(Stored items from a collection)
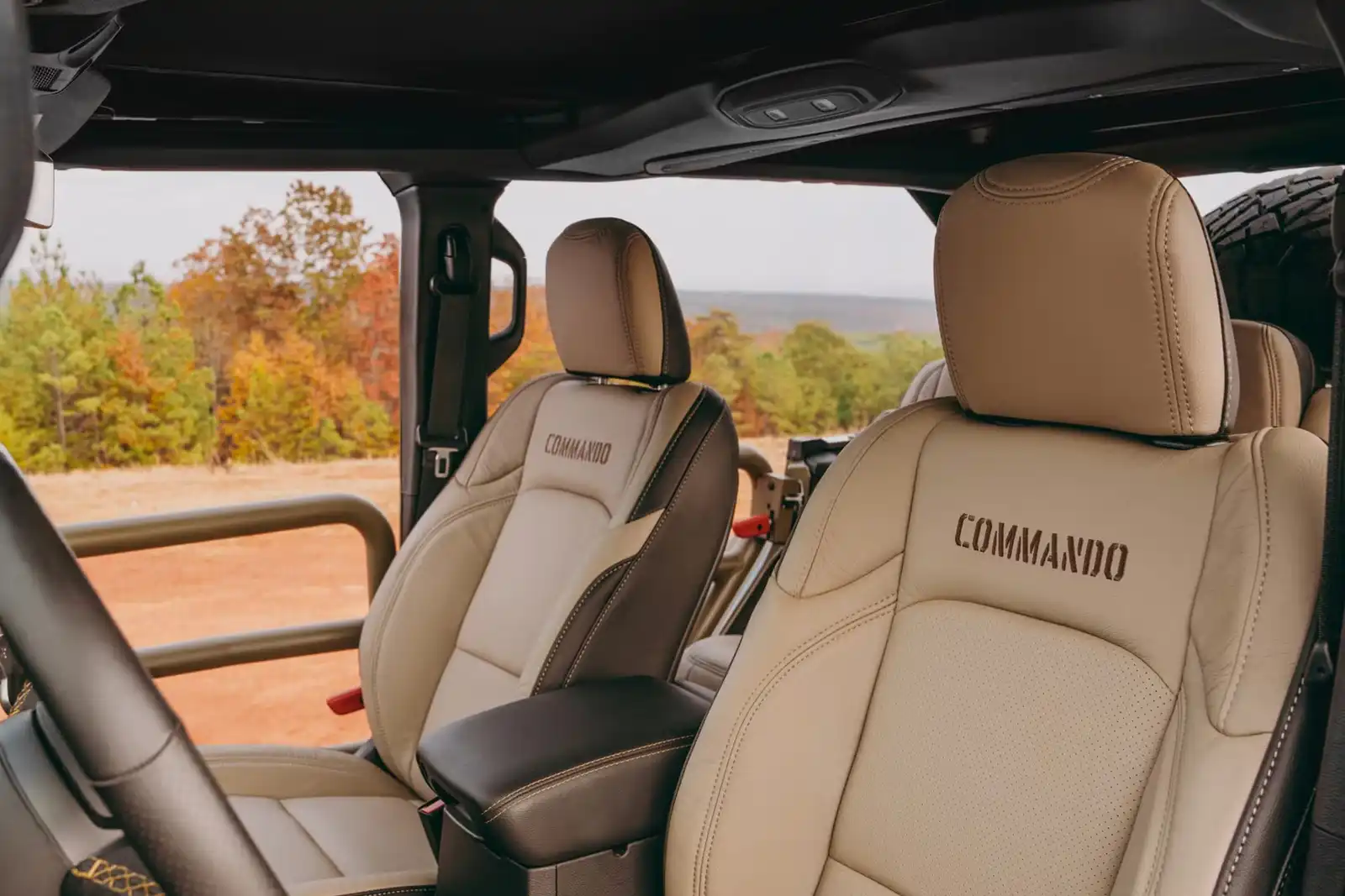 Innen trifft Tradition auf Moderne: Ledersitze in hellbraunem Ton, edle Nähte, moderne Instrumentierung, der Jeep Wrangler Commando verbindet Abenteuerlust mit Alltagstauglichkeit.
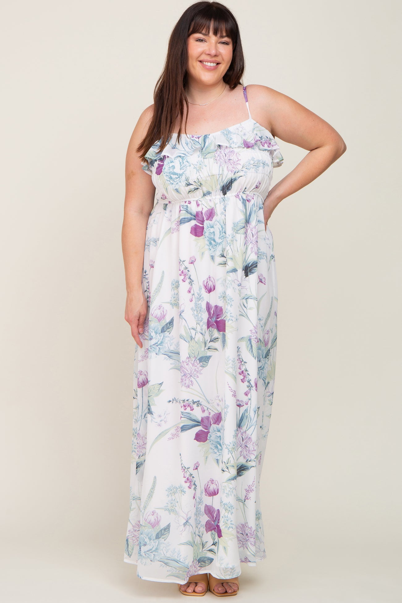 White Floral Sleeveless Ruffle Plus Maxi Dress
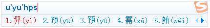U模式主要用來輸入不會讀(不知道拼音)的字等。在按下u鍵后,輸入筆畫拼音首字母或者組成部分拼音,即可得到您想要的字。
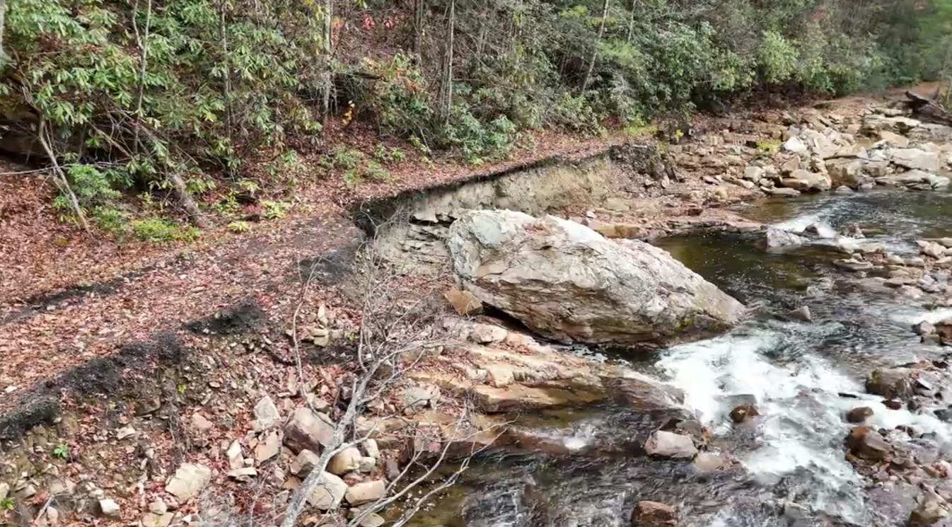 Low water flyover of Laurel Creek next to the VCT
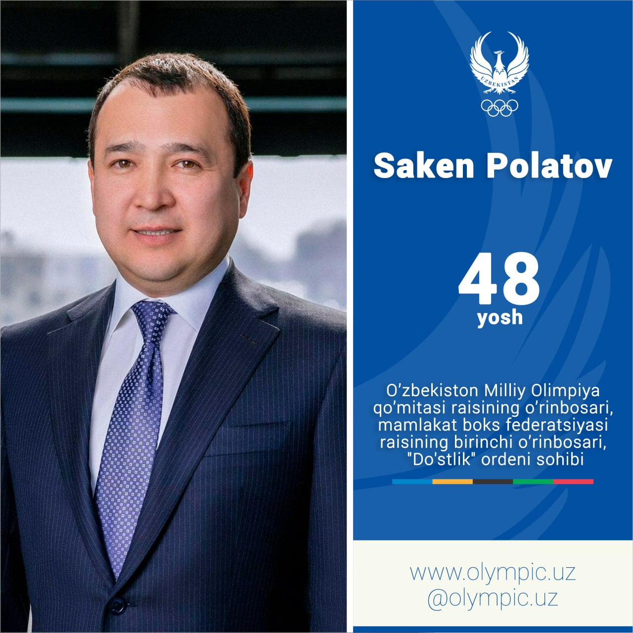 Сегодня заместитель председателя Национального Олимпийского комитета Узбекистана, первый заместитель председателя Федерации бокса страны, кавалер ордена «Дустлик» Сакен Полатов отмечает свой День рождения. НОК Узбекистана поздравляет Сакена Жетибаевича с Днём рождения, желает ему крепкого здоровья и долгих лет жизни.
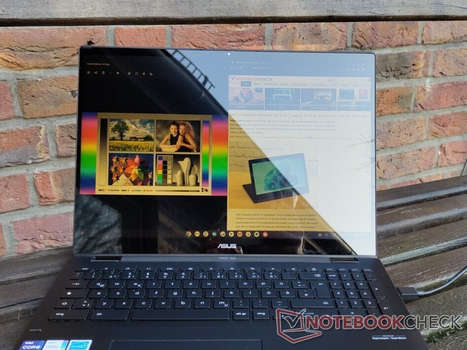 L'utilizzo dell'Asus Chromebook CX5 Flip al sole o in ambienti molto illuminati è problematico. Il display altamente riflettente non è semplicemente abbastanza luminoso da superare i riflessi degli oggetti luminosi. Tuttavia, grazie alla buona stabilità dell'angolo di visione dello schermo, il portatile può essere posizionato in modo tale da non distrarre i riflessi.
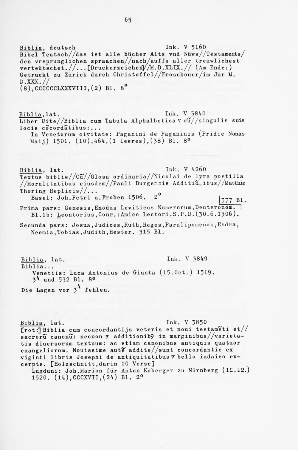 L"rot :3 Biblia cum concordant i j s veteris et noui testam'eti et// sacroru canonu: neenon 7 additionib9 in marginibus//varieta- tis diuersorum textuum: ac etiam canonibus antiquis quatuor euangeliorum. Nouissime aute addite//sunt concordantie ex viginti libris Josephi de antiquitatibus V beilo iudaico ei- cerpte. ["Holzschnitt, dar in 10 VerseJ
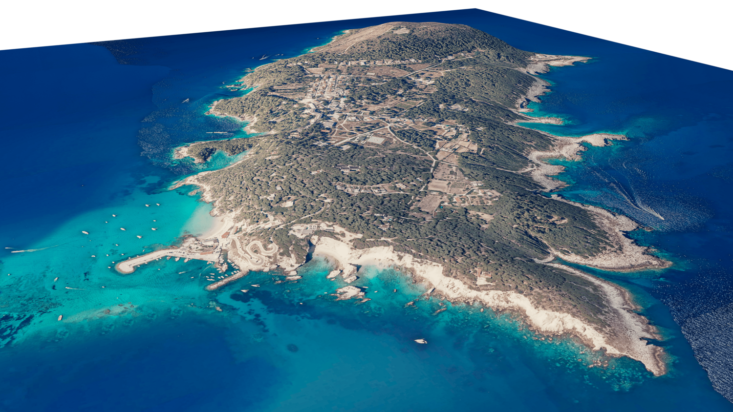 san domino island tremiti archipelago 3d model terrain. 3d model island of san domino with its landscape of mountains, beaches and forests.
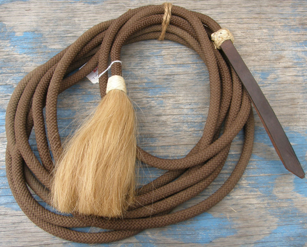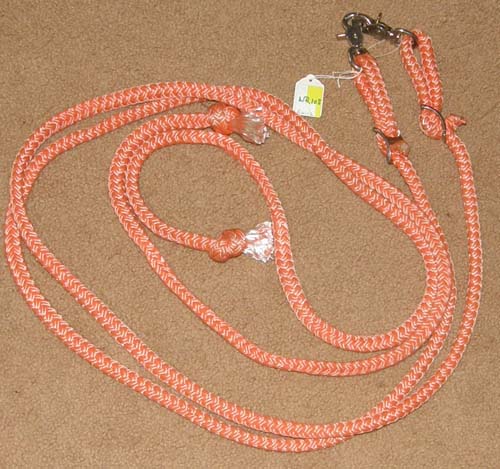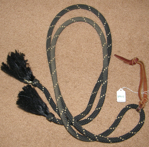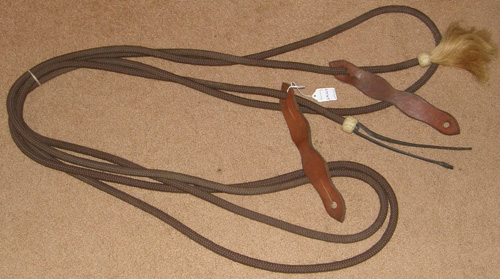 1/2” wide poly rope reins approx 22 1/2' long including 8 1/2" leather popper on 1 end, & 6 1/2" horse hair tassel at other end. Braided rawhide trim on both ends. Can be used with snaffle bit or a bosal. Rawhide trim on end with leather poppers shows wear on 1 side otherwise excellent used condition.
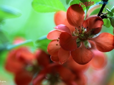 Puzzle Czerwone, Krzew, Pigwa, Kwiaty
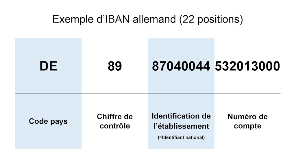 Chaque pays attribue à l’IBAN une forme et une longueur spécifiques.
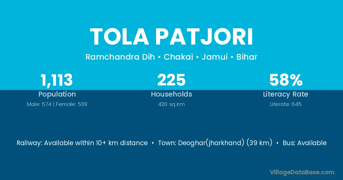 Deoghar(jharkhand) (39 km) is the nearest town to Tola Patjori village for major economic activities and is located approximately 39 km away.
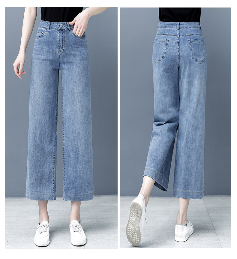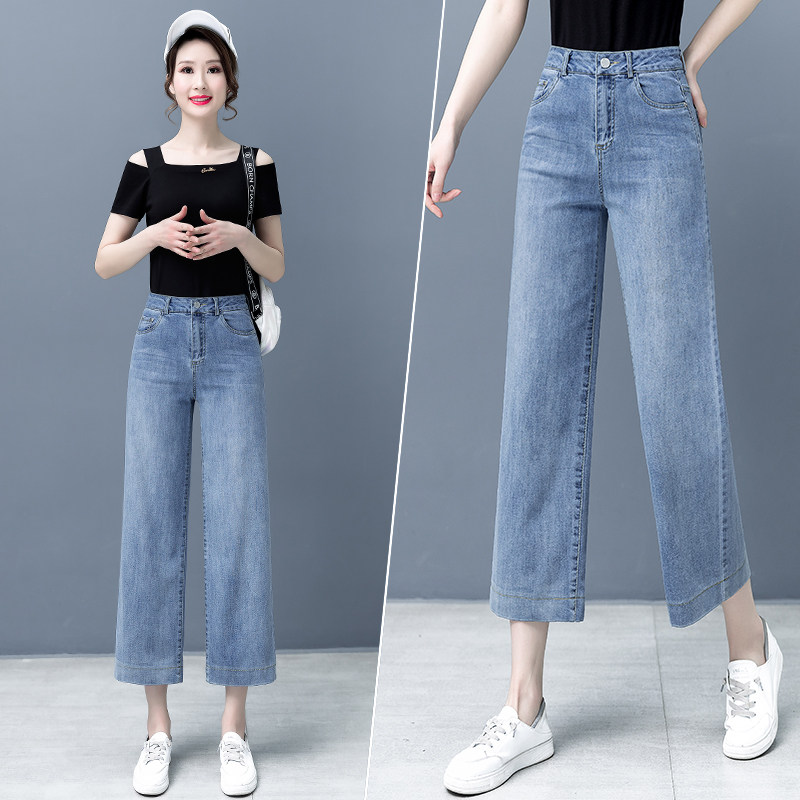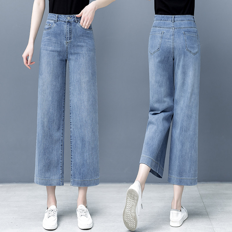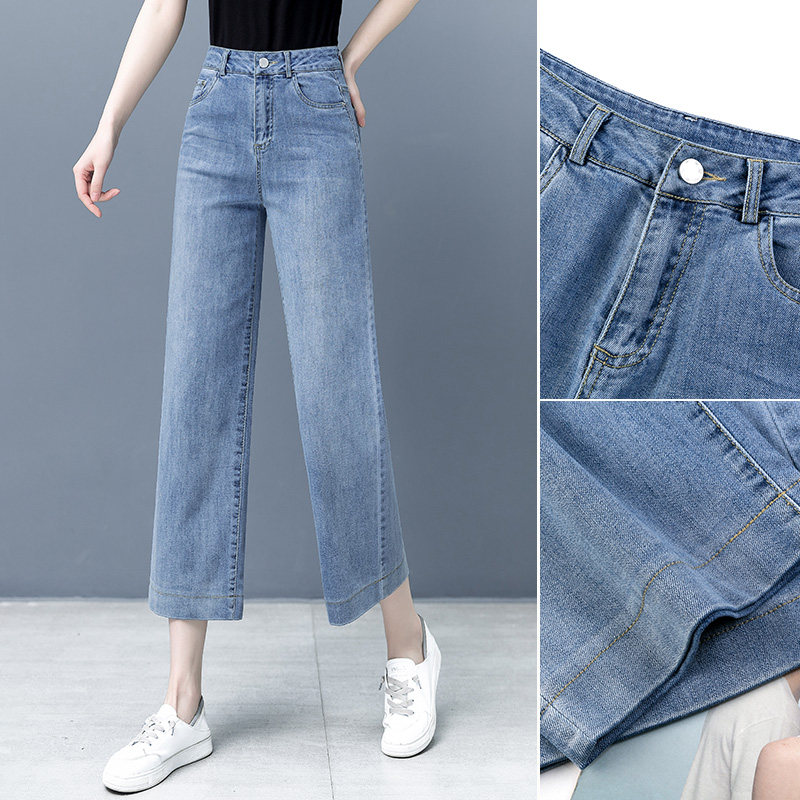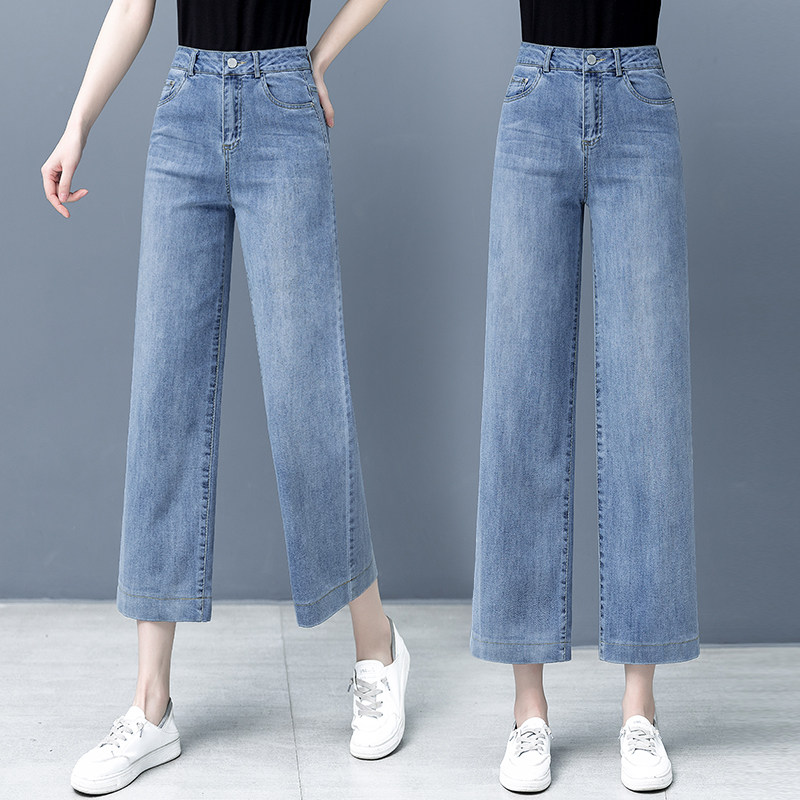 Тонкие джинсовые летние штаны, высокая талия, свободный прямой крой
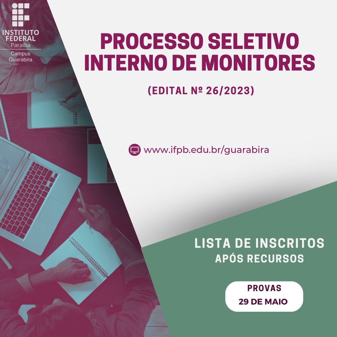 Campus Guarabira divulga Lista de Inscritos do processo seletivo interno de monitores
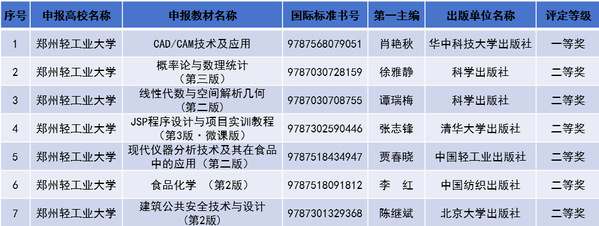 近日,河南省教育厅办公室发布了《关于公布河南省教材等级评定结果的通知》,评选出全省高等教育类优秀教材147项,我校推荐申报的《CAD/CAM技术及应用》等7部教材喜获高等教育类优秀教材奖。教材建设是国家事权,是学校开展人才培养、落实立德树人根本任务的重要抓手,学校历来高度重视教材建设工作。下一步,学校将进一步总结教材建设经验,不断完善教材建设机制,加大对教材建设的支持力度,打造更多体现轻大特色的优秀教材,为学校高质量发展蓄势赋能。
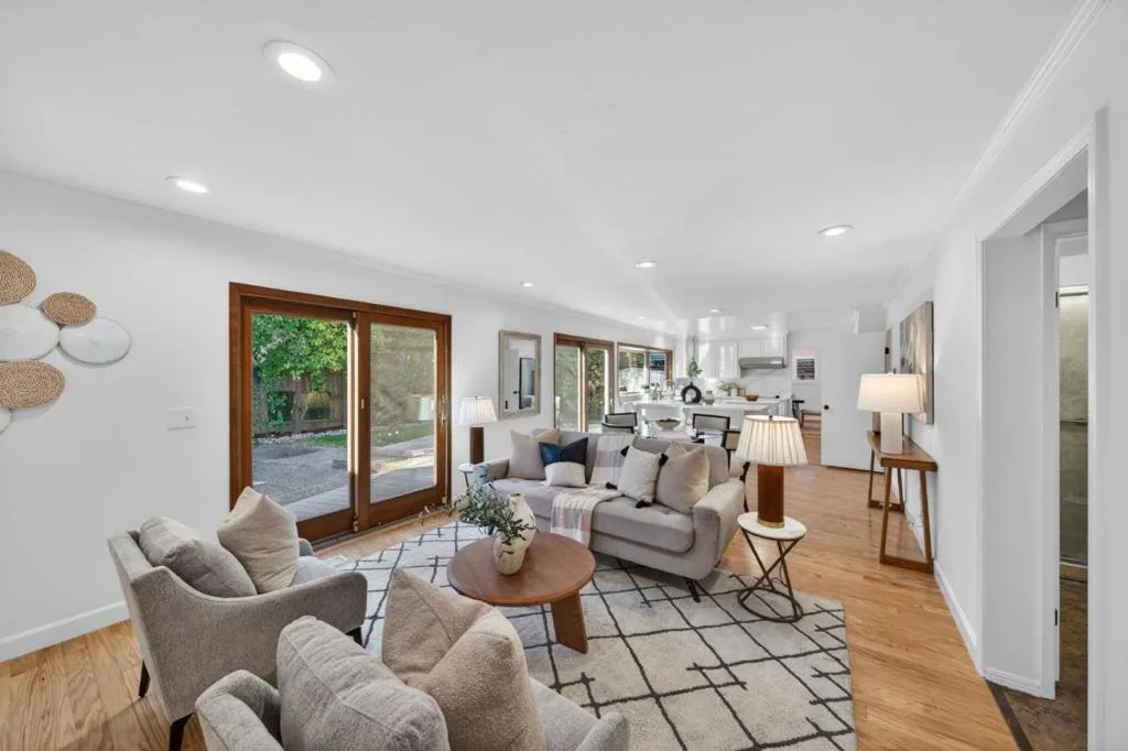 Welcome to this vibrant, light-filled residence in the prestigious Dry Creek neighborhood. This charming five-bedroom home sits on a generous 6,000 sq. ft. lot, blending timeless character with thoughtful modern updates. The updated kitchen features quartz countertops, custom white cabinetry, newer stainless steel appliances, and bar top seating, flowing seamlessly into the family room. Multiple sliding glass doors create effortless indoor-outdoor living, opening to a lush backyard with a built-out patio, perfect for entertaining and outdoor dining. Inside, enjoy beautifully refinished hardwood floors, fresh interior paint, updated hardware, and recessed lighting. Spacious, light-filled bedrooms offer flexibility for guests, offices, or growing needs, while the primary suite provides a comfortable retreat with ample closet space. Recent upgrades enhance comfort and efficiency, including a newer roof and insulation (2021), newer AC, whole-house water softener and purifier, EV charger, and a Bluetooth-enabled garage door opener. Ideally located near Bagby Elementary, the Cabana Pool, and just minutes to major commute routes and Downtown Willow Glen.
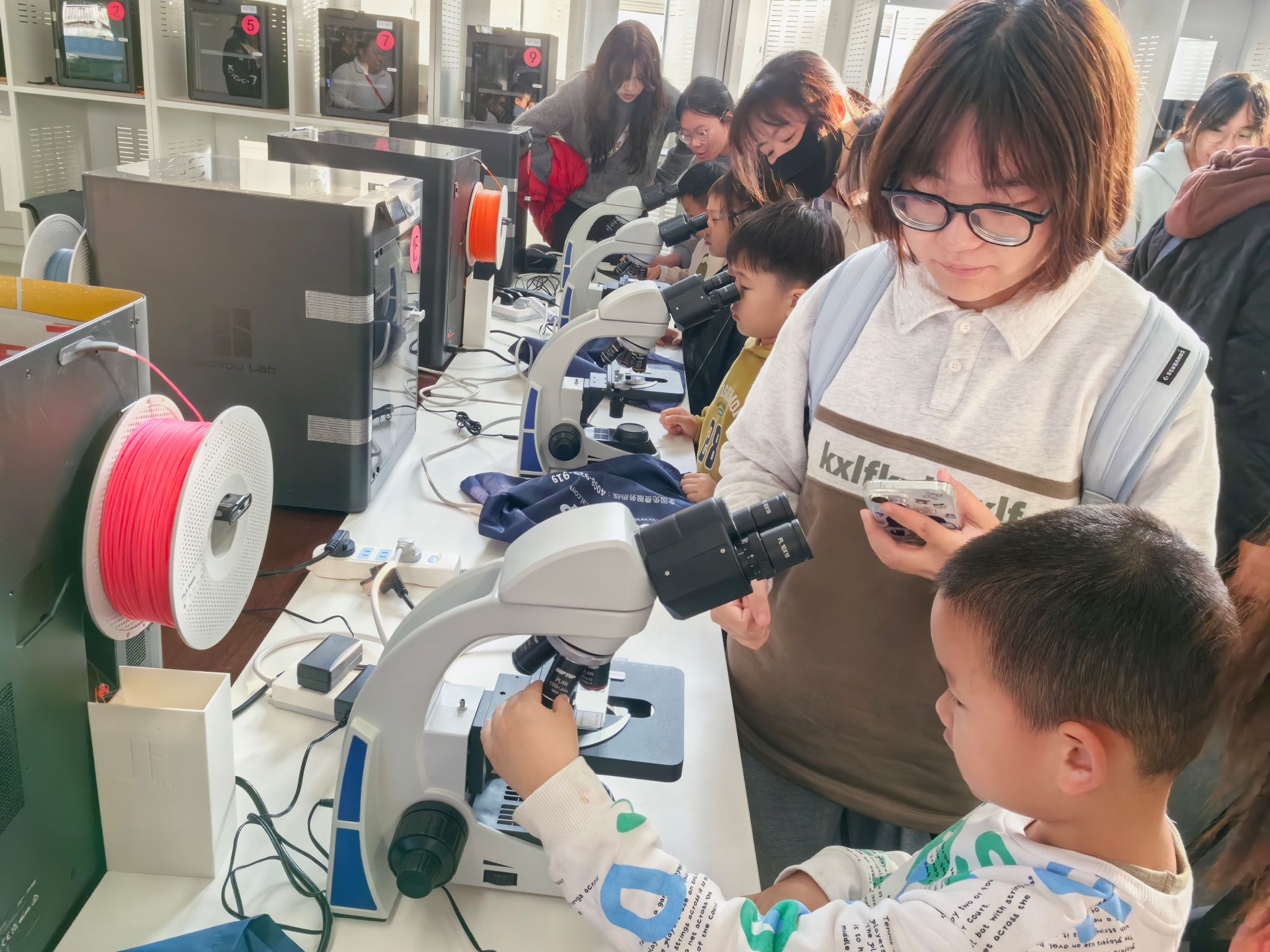 走进微观世界探秘的课堂,生命科学学院的志愿者们早已准备好显微镜。当奇妙的植物细胞世界清晰地呈现在眼前时,一阵阵惊呼此起彼伏,科学的种子悄然播撒。

◆ Exercise aim
I would like the exact lines from the data above, starting with the one that holds "Тонкие джинсовые летние" and going on through the one that holds "Campus Guarabira divulga", without the pictures.

◆ Answer for the task
 Тонкие джинсовые летние штаны, высокая талия, свободный прямой крой
 Campus Guarabira divulga Lista de Inscritos do processo seletivo interno de monitores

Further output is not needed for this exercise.